His divine power has granted to us all things that pertain to life and godliness, through the knowledge of him who called us to his own glory and excellence, 4 by which he has granted to us his precious and very great promises, so that through them you may become partakers of the divine nature, having escaped from the corruption that is in the world because of sinful desire. 5 For this very reason, make every effort to supplement your faith with virtue, and virtue with knowledge, 6 and knowledge with self-control, and self-control with steadfastness, and steadfastness with godliness, 7 and godliness with brotherly affection, and brotherly affection with love. 8 For if these qualities are yours and are increasing, they keep you from being ineffective or unfruitful in the knowledge of our Lord Jesus Christ. 9 For whoever lacks these qualities is so nearsighted that he is blind, having forgotten that he was cleansed from his former sins. 10 Therefore, brothers, be all the more diligent to confirm your calling and election, for if you practice these qualities you will never fall. 11 For in this way there will be richly provided for you an entrance into the eternal kingdom of our Lord and Savior Jesus Christ.

2 Peter 1:3-11

I want to say a quick word to those for whom June 26th was not a hard day, but a day of celebration.  First off, I want to say that I understand.  Almost 20 years ago, I was in a relationship with another guy.
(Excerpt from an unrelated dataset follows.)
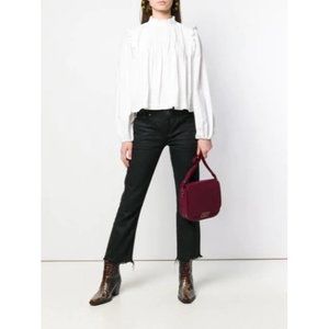 Leather logo applique and patch pocket at interior. Tonal suede lining. Antiqued gold-tone hardware. Approx. 9" length x 8" height x 3" width.

It was the first time I felt loved. He was my first sexual experience. For a short time, I found myself imagining a life with him.  I could not imagine a heterosexual life at the time.  I felt, and believed, that my homosexuality was permanent.   If I stop and imagine that my sexuality had remained unchanged, and if I was in that same relationship, or in another relationship, or if I had believed I could remain a faithful Christian and a practicing homosexual, then I am certain I would have been celebrating too. I know how real my feelings were back then.  I know how lonely I felt, and how ominous a life of celibacy felt.  I want you to know that I do not hate you, or judge you for celebrating.  I truly understand why this was, and is a significant victory for you.
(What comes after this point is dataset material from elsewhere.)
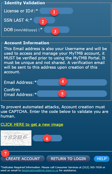 - Enter the CAPTCHA image or code displayed into the text box labeled 6. The text you enter is not case sensitive.

Many of you who claim the name of Christ already believe that He loves you… He does love you. But you may not believe that those who grieve the court’s decision love you.  Obviously I can’t speak for everyone, but I know I, and many, many others love you.  And it is because we love you that we must simply say, in love, that you are pursuing the wrong path…whether that is in embracing your own homosexuality, or in affirming the homosexuality or sexual brokenness of those around you.  God is loving and God is a holy, righteous judge. I personally know that my words cannot convince you that you are on the wrong path.  I know that only the Holy Spirit can do that.  Please know that because of what we believe to be true about how our Lord calls us to live, we are deeply concerned for your spiritual lives.  If we believe what we believe, and do not speak up, or pray for your repentance, that would not be showing love on our part… Please do not take our prayers that He will convict you as anything but a tangible expression of our love for you. 

My prayer is not that the Supreme Court will change its mind.  It is not that my religious freedoms are ultimately protected.  My fervent prayer is that the Bride of Christ will regain its saltiness.  I pray that we will repent. I pray that we will regain our zeal for holiness. I pray that we will believe in God’s redemptive, transformative power. I pray we will learn to love Jesus more. I pray we will learn to love one another more.  I pray we will learn to love those who are far from Jesus more.  I pray that the Holy Spirit will convict all who claim the name of Christ of our sins, and awaken to His truth those who are deceived.   

I pray that we, the Bride of Christ, will truly represent our Bridegroom well as we move forward from here.